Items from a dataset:
Segment Open

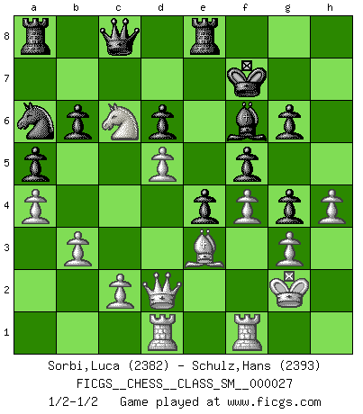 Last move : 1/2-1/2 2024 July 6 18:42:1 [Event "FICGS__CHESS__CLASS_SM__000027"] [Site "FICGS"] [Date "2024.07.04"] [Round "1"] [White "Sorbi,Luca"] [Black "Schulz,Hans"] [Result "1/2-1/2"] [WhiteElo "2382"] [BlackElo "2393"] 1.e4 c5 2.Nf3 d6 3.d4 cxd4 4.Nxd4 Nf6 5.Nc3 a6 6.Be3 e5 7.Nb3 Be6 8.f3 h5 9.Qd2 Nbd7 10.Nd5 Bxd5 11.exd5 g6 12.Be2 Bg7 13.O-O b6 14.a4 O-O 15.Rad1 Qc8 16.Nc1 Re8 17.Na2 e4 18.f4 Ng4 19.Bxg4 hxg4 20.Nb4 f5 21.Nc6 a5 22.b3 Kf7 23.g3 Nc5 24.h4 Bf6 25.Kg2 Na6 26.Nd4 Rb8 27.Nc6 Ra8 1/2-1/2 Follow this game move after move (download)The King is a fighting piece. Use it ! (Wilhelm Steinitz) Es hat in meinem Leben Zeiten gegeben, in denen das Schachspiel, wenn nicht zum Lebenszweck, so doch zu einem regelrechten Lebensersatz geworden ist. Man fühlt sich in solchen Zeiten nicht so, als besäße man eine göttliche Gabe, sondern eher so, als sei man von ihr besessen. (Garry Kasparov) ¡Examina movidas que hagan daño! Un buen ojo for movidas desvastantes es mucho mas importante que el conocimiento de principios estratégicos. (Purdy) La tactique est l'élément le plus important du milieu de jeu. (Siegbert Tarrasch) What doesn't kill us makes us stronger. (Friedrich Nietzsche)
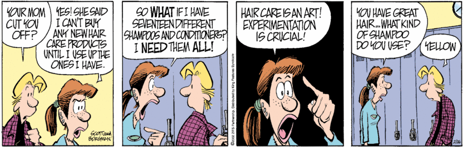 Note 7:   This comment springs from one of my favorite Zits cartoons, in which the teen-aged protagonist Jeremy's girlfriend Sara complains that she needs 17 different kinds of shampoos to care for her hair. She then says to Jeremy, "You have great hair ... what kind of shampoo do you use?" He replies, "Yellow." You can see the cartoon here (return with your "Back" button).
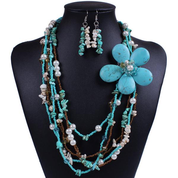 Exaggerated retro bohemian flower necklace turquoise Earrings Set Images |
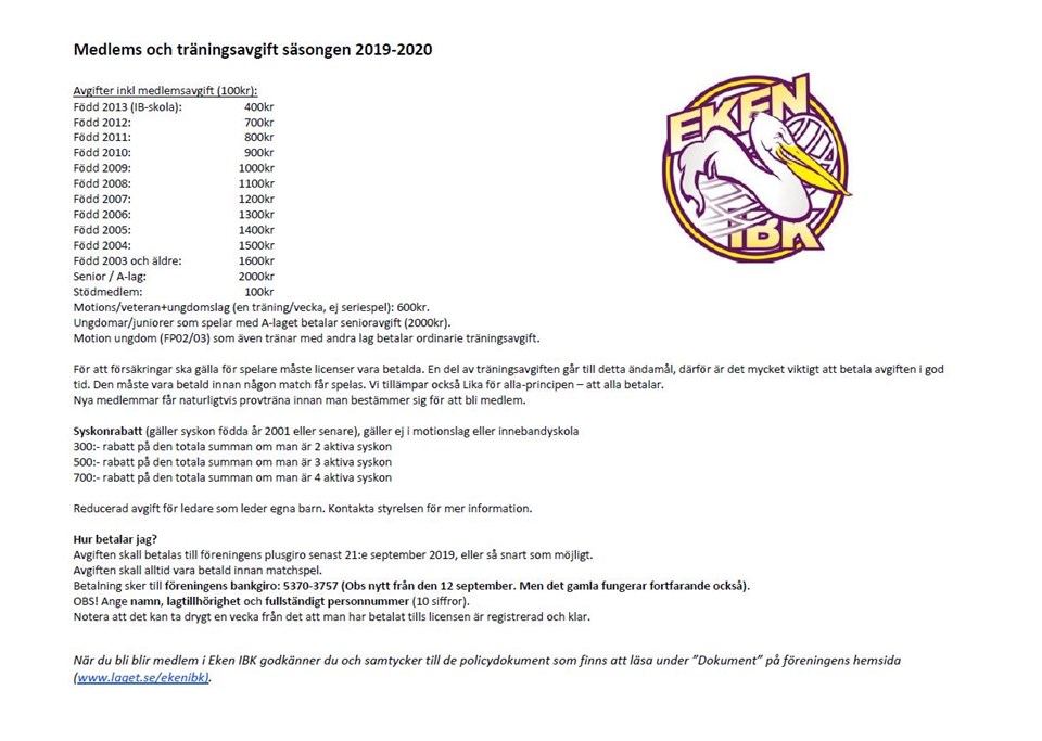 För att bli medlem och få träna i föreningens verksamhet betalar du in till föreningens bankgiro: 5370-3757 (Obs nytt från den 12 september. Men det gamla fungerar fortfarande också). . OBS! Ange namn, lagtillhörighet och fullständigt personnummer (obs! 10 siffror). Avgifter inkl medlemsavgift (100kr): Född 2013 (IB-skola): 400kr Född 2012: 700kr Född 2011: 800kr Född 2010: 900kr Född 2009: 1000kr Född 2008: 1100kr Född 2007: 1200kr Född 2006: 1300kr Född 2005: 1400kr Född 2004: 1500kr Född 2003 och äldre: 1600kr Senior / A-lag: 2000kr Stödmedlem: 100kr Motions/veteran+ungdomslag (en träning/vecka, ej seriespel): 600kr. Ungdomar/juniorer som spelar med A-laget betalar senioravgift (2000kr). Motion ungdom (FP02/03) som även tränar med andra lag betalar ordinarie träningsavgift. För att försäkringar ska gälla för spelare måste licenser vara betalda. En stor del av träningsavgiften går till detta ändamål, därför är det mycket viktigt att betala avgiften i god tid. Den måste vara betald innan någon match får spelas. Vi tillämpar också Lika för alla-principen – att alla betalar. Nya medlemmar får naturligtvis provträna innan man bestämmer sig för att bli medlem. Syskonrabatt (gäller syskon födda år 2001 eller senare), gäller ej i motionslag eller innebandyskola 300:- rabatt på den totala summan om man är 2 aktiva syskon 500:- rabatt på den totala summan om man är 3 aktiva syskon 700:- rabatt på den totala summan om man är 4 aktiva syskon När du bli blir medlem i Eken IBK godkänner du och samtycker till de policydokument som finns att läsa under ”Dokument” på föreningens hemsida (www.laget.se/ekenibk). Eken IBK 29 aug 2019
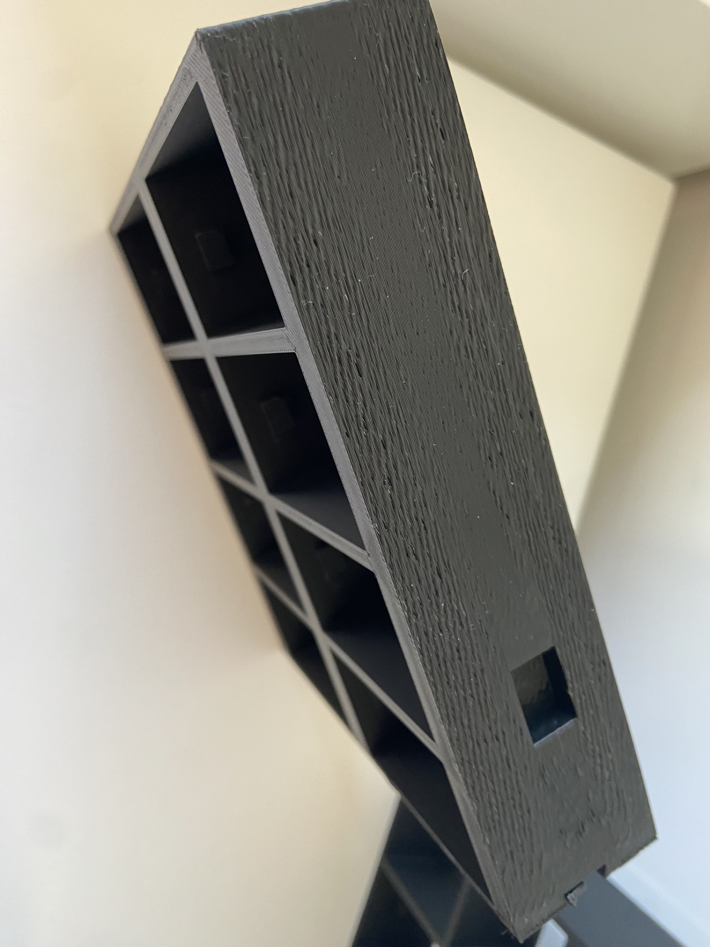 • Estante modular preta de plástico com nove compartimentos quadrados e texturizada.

Segment Closed

What the task requires: Leave the images aside and return the records above exactly as written.

Task result:
 Last move : 1/2-1/2 2024 July 6 18:42:1 [Event "FICGS__CHESS__CLASS_SM__000027"] [Site "FICGS"] [Date "2024.07.04"] [Round "1"] [White "Sorbi,Luca"] [Black "Schulz,Hans"] [Result "1/2-1/2"] [WhiteElo "2382"] [BlackElo "2393"] 1.e4 c5 2.Nf3 d6 3.d4 cxd4 4.Nxd4 Nf6 5.Nc3 a6 6.Be3 e5 7.Nb3 Be6 8.f3 h5 9.Qd2 Nbd7 10.Nd5 Bxd5 11.exd5 g6 12.Be2 Bg7 13.O-O b6 14.a4 O-O 15.Rad1 Qc8 16.Nc1 Re8 17.Na2 e4 18.f4 Ng4 19.Bxg4 hxg4 20.Nb4 f5 21.Nc6 a5 22.b3 Kf7 23.g3 Nc5 24.h4 Bf6 25.Kg2 Na6 26.Nd4 Rb8 27.Nc6 Ra8 1/2-1/2 Follow this game move after move (download)The King is a fighting piece. Use it ! (Wilhelm Steinitz) Es hat in meinem Leben Zeiten gegeben, in denen das Schachspiel, wenn nicht zum Lebenszweck, so doch zu einem regelrechten Lebensersatz geworden ist. Man fühlt sich in solchen Zeiten nicht so, als besäße man eine göttliche Gabe, sondern eher so, als sei man von ihr besessen. (Garry Kasparov) ¡Examina movidas que hagan daño! Un buen ojo for movidas desvastantes es mucho mas importante que el conocimiento de principios estratégicos. (Purdy) La tactique est l'élément le plus important du milieu de jeu. (Siegbert Tarrasch) What doesn't kill us makes us stronger. (Friedrich Nietzsche)
 Note 7:   This comment springs from one of my favorite Zits cartoons, in which the teen-aged protagonist Jeremy's girlfriend Sara complains that she needs 17 different kinds of shampoos to care for her hair. She then says to Jeremy, "You have great hair ... what kind of shampoo do you use?" He replies, "Yellow." You can see the cartoon here (return with your "Back" button).
 Exaggerated retro bohemian flower necklace turquoise Earrings Set Images |
 För att bli medlem och få träna i föreningens verksamhet betalar du in till föreningens bankgiro: 5370-3757 (Obs nytt från den 12 september. Men det gamla fungerar fortfarande också). . OBS! Ange namn, lagtillhörighet och fullständigt personnummer (obs! 10 siffror). Avgifter inkl medlemsavgift (100kr): Född 2013 (IB-skola): 400kr Född 2012: 700kr Född 2011: 800kr Född 2010: 900kr Född 2009: 1000kr Född 2008: 1100kr Född 2007: 1200kr Född 2006: 1300kr Född 2005: 1400kr Född 2004: 1500kr Född 2003 och äldre: 1600kr Senior / A-lag: 2000kr Stödmedlem: 100kr Motions/veteran+ungdomslag (en träning/vecka, ej seriespel): 600kr. Ungdomar/juniorer som spelar med A-laget betalar senioravgift (2000kr). Motion ungdom (FP02/03) som även tränar med andra lag betalar ordinarie träningsavgift. För att försäkringar ska gälla för spelare måste licenser vara betalda. En stor del av träningsavgiften går till detta ändamål, därför är det mycket viktigt att betala avgiften i god tid. Den måste vara betald innan någon match får spelas. Vi tillämpar också Lika för alla-principen – att alla betalar. Nya medlemmar får naturligtvis provträna innan man bestämmer sig för att bli medlem. Syskonrabatt (gäller syskon födda år 2001 eller senare), gäller ej i motionslag eller innebandyskola 300:- rabatt på den totala summan om man är 2 aktiva syskon 500:- rabatt på den totala summan om man är 3 aktiva syskon 700:- rabatt på den totala summan om man är 4 aktiva syskon När du bli blir medlem i Eken IBK godkänner du och samtycker till de policydokument som finns att läsa under ”Dokument” på föreningens hemsida (www.laget.se/ekenibk). Eken IBK 29 aug 2019
 • Estante modular preta de plástico com nove compartimentos quadrados e texturizada.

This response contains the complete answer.